Please transcribe the lines below exactly, and leave every image behind.

● **Recorded data**
+ + + +
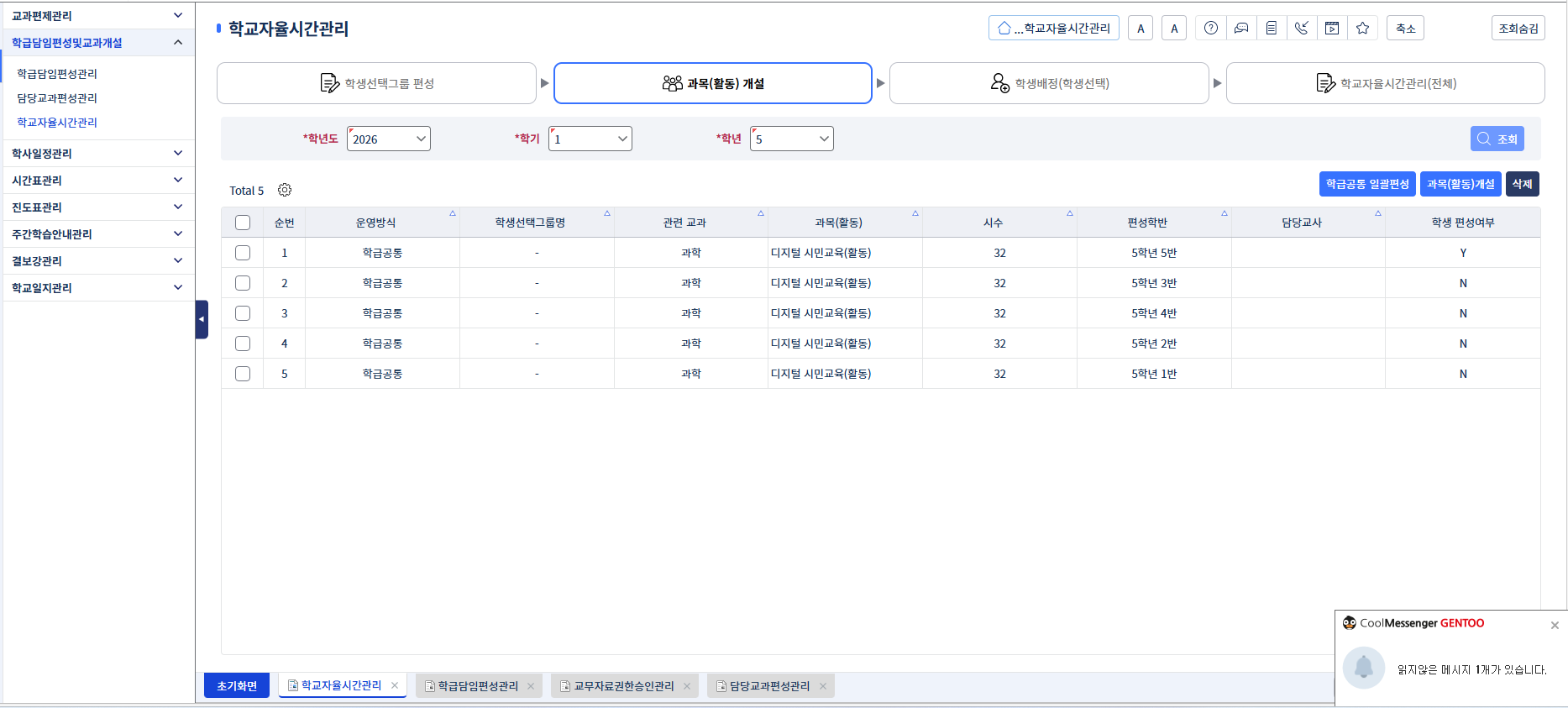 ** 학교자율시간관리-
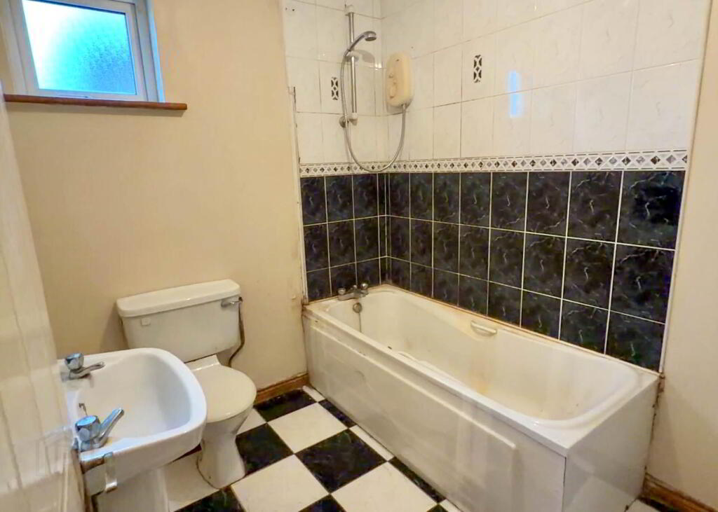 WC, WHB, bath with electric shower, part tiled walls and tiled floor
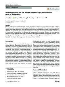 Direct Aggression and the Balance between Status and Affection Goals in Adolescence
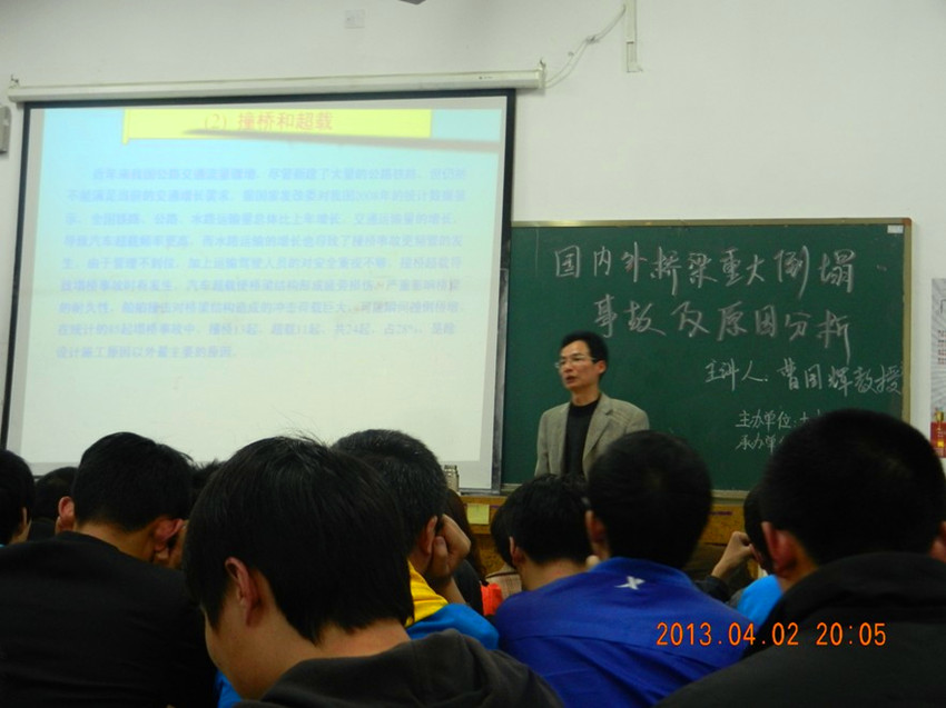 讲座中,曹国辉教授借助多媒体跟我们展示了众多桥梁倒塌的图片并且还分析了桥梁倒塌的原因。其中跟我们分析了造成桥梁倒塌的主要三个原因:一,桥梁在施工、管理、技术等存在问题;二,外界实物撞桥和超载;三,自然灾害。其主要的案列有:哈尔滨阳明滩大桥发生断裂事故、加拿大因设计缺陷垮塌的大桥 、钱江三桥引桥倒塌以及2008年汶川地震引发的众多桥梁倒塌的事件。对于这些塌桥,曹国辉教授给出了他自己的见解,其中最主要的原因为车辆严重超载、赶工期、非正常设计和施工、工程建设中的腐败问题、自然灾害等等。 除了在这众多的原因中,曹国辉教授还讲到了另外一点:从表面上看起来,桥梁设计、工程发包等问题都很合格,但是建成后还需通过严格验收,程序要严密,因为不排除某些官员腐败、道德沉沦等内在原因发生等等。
+ + + +
● **Output for this exercise**
 ** 학교자율시간관리-
 WC, WHB, bath with electric shower, part tiled walls and tiled floor
 Direct Aggression and the Balance between Status and Affection Goals in Adolescence
 讲座中,曹国辉教授借助多媒体跟我们展示了众多桥梁倒塌的图片并且还分析了桥梁倒塌的原因。其中跟我们分析了造成桥梁倒塌的主要三个原因:一,桥梁在施工、管理、技术等存在问题;二,外界实物撞桥和超载;三,自然灾害。其主要的案列有:哈尔滨阳明滩大桥发生断裂事故、加拿大因设计缺陷垮塌的大桥 、钱江三桥引桥倒塌以及2008年汶川地震引发的众多桥梁倒塌的事件。对于这些塌桥,曹国辉教授给出了他自己的见解,其中最主要的原因为车辆严重超载、赶工期、非正常设计和施工、工程建设中的腐败问题、自然灾害等等。 除了在这众多的原因中,曹国辉教授还讲到了另外一点:从表面上看起来,桥梁设计、工程发包等问题都很合格,但是建成后还需通过严格验收,程序要严密,因为不排除某些官员腐败、道德沉沦等内在原因发生等等。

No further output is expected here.